Invitation au Voyage: Don Quixote and French Songs
Giorgos Kanaris (baritone)
Thomas Wise (piano)
rec. 2019, Augustinum, Bonn, Germany
HÄNSSLER CLASSIC HC19068 [67:36]
The biography in the booklet accompanying this disc has the singer winning a competition as long ago as 2005, so Greek baritone Giorgos Kanaris has been on the scene for quite some time. His voice, strong and firm in the lower register, does not lose its character when the music rises above the stave. On the contrary, the listener will note a slight feeling of strain that is both pleasing and appropriate, with no shouting; this is intended as a compliment! He projects a fine, secure musical line, tuning is pretty much impeccable, and he is refreshingly free of vocal mannerisms. All of this adds up to an extremely pleasant experience.

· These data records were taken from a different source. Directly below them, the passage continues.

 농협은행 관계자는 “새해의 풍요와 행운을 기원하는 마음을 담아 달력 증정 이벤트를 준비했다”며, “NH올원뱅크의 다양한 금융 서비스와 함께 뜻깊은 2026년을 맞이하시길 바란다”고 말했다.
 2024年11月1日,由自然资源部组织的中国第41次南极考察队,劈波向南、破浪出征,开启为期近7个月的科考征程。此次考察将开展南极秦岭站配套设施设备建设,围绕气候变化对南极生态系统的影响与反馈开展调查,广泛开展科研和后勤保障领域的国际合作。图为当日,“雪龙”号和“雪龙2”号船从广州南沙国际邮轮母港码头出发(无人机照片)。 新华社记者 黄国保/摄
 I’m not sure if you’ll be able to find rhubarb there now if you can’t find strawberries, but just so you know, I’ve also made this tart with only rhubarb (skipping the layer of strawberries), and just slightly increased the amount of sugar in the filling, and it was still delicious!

I assume Kanaris’s mother tongue is Greek, a language I do not speak at all. I am only too aware, however, how challenging it is to sing in French. Kanaris has clearly devoted time to mastering those difficult vowels, and only a few defeat him. The flat ‘e’ in words like ‘le’, ‘me’ and ‘ce’ are particularly troublesome. That said, I have yet to hear a non-French singer who could deceive a native French speaker in this repertoire.
Kanaris is well served by his pianist. Thomas Wise is on top of the technical demands of the programme and is extremely attentive to the singer, breathing and phrasing with him. In short, as an accompanist he is irreproachable, but far from anonymous: the piano parts are full of individuality and personality. The performers have been very well recorded, but the presentation is poor. The booklet carries information about both artists in German and English, but none at all about the programme. Texts are provided, but only in French – unless you count one single, final line of one Duparc song, bizarrely added in English at the end. Poets’ names are sometimes given, sometimes not, and timings are unreliable. A minimum of proofreading would have helped.

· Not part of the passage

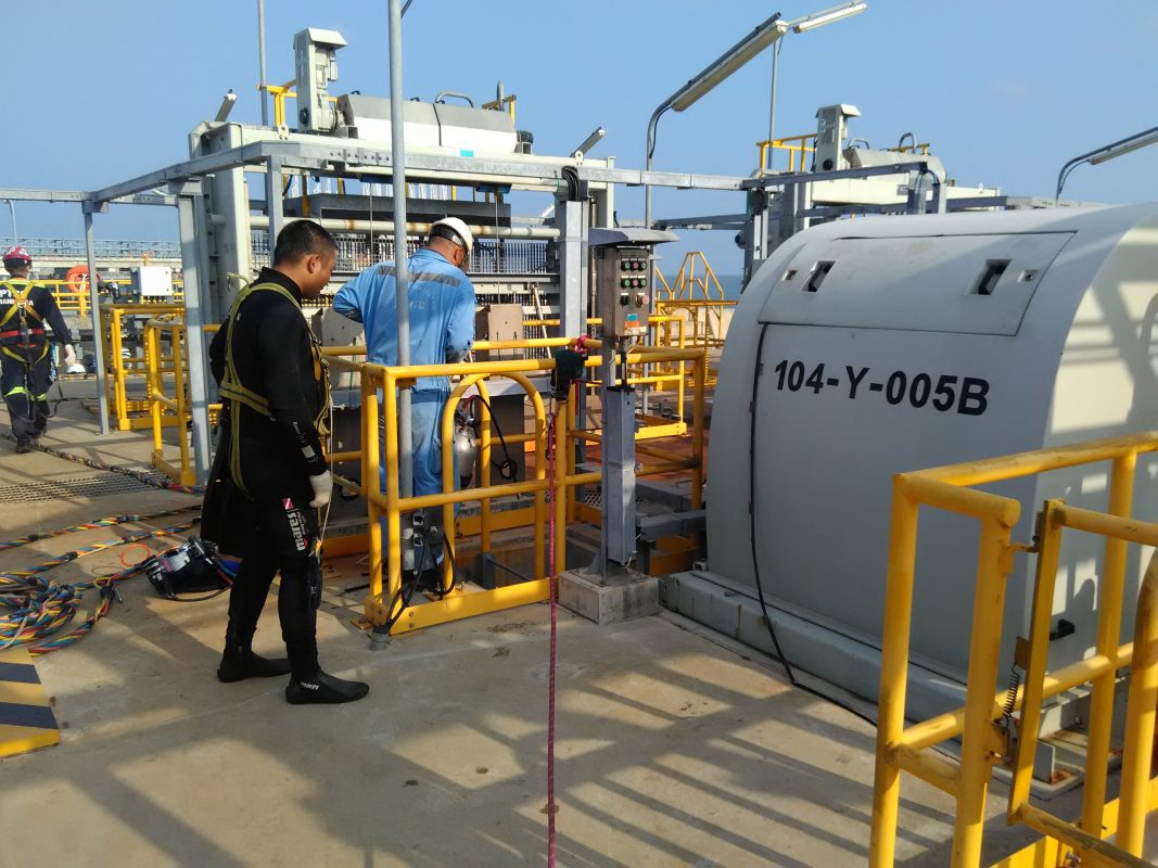 From 23 December 2021 to 25 December 2021, Hoang Thai performed an inspection for the seawater intake system of Nghi Son Refinery and Petrochemical LLC (NSRP). This entirely inspection is carried out yearly to provide close visual insight into the condition of the seawater intake and answered integrity questions relating to critical components of the intake structure.

Debussy’s songs to texts by Verlaine are early works, predating Prélude à l’après-midi d’un faune. They are immediately attractive, and the Trois chansons de France are more distinctive still. Two of the three are settings of poems by Charles d’Orléans, a poet to whom Debussy was later to return. Even minor Debussy demands to be heard, but Ibert’s songs are noticeably more substantial, and those by Ravel are remarkable masterpieces. Kanaris sings these with great skill, and has evidently taken considerable care in their preparation, but he is up against some formidable competition when comparative listening is allowed. The great Belgian baritone, José Van Dam, has recorded these works several times and they fit him like a glove. In the first of the Ravel songs a subtle control and variety of tone colour allows him to express both the seduction and the sincerity of the Don’s promises to Dulcinée; Kanaris, for all his fine singing, can only hint at this. The passion Van Dam injects into the second song is extraordinary, and he is deliciously tipsy in the third. In these short, miraculous songs from the end of Ravel’s career – before neurological disease condemned him to silence – Kanaris is a fine and reliable guide, but Van Dam gets to their heart in an unrivalled way.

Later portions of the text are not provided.